Perks: Jerks vs. Good Works


Although the term "perquisite" (or "perks") can signify a valuable benefit any employee receives above and beyond his or her base salary, it's most often associated with this definition from "something demanded or due as a particular privilege."

In other words, it most often brings to mind luxurious bennies for top executives, like free use of company cars, corporate jets, and country club memberships.

Maybe it's time for a major revamp. It's time for the marketplace to rethink what perks are, who receives them, and what would generate the most value; let's think about a more stakeholder-friendly approach.

Unprincipled perks
You don't have to look far to find some of the "privilege" perks CEOs tend to receive, and many of them are outrageous.

Here are just a few examples; they are plentiful in our marketplace, and these aren't even the most egregious.

  • Sears Holdings isn't exactly blowing anybody's mind with its business performance, but CEO Louis D'Ambrosio's travels between the company's headquarters in Chicago and his Philadelphia home cost the company nearly $800,000 last year.

  • Most Americans have to deal with their own tax and accounting issues, but Chesapeake Energy's (NYS: CHK) Aubrey McClendon got $250,000 in "personal accounting support" in 2011. That's especially galling considering how he got himself into so much hot water at the company.

  • Last year, Las Vegas Sands (NYS: LVS) footed the personal security expense for its chairman, Sheldon Adelson; that bill came to $2.6 million.

The very, very weird thing about many of these perks: We already know these individuals make the big bucks anyway. Most rake in gigantic paychecks. Last year, average CEO pay at S&P 500 firms rose 14% to $12.9 million, by the AFL-CIO's estimate.

Certainly part of the rationalization for the huge paychecks is that these individuals might need a few things that regular Americans don't.
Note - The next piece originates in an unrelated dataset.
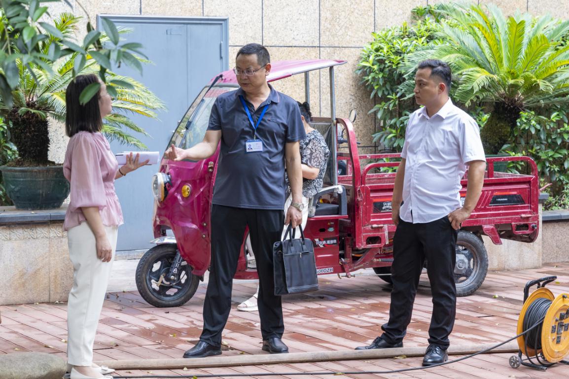 夷陵区纪委监委通过实地走访检查,督促住建部门落实相关工作责任,切实做好各考点周边高考期间暂停施工、静音降噪、道路畅通等保障工作,为考生营造安静安全的应考环境。图为该区第五派出纪检监察组在某考点附近施工现场进行监督检查。

Hey, apparently some of them need security details and don't really want to live anywhere near the same city as their company's headquarters. You'd think such "incidentals" would hardly be the company's business to cover once the gigantic pay is doled out, but apparently not.

Meanwhile, do you think these kinds of high-priced perks for CEOs really have a stunningly impressive return on investment? I don't buy it. Such perks are about entitlement and "privilege" far more than truly incentivizing better job performance.
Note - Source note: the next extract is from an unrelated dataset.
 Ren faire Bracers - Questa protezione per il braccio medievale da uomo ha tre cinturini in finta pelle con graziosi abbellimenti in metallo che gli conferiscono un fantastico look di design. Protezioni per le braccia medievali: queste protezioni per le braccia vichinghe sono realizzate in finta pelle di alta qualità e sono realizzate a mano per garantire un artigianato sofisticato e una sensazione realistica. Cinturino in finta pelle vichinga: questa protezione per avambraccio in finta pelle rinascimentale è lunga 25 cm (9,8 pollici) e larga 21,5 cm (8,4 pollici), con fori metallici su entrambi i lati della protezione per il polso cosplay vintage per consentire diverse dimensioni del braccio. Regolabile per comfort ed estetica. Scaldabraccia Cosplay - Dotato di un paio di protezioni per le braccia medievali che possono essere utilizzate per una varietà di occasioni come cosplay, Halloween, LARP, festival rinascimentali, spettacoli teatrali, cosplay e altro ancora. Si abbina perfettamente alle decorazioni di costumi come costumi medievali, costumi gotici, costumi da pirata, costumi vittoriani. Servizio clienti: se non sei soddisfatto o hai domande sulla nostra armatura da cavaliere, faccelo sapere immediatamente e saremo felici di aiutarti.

And maybe some CEOs would do a better job if they were responsible for more of the things regular folks do. They might tap into their capacity for empathy, for example.

Principle-infused perks
Maybe investors, corporate managements, and boards need to rethink what a truly great and productive perk is. Maybe the best perks are the ones that make regular employees' work lives better, more rounded, or more meaningful, helping truly inspire them to innovate and do their jobs exceptionally well.

Fast Company's Ariel Schwartz recently outlined "The Ultimate Employee Do-Gooder Perk." Although Microsoft (NAS: MSFT) and Intel (NAS: INTC) are among employers that make their employees' lives better by offering paid sabbaticals for rebooting purposes, software company SAP (NYS: SAP) is taking a different approach to company-sanctioned time away from the daily grind.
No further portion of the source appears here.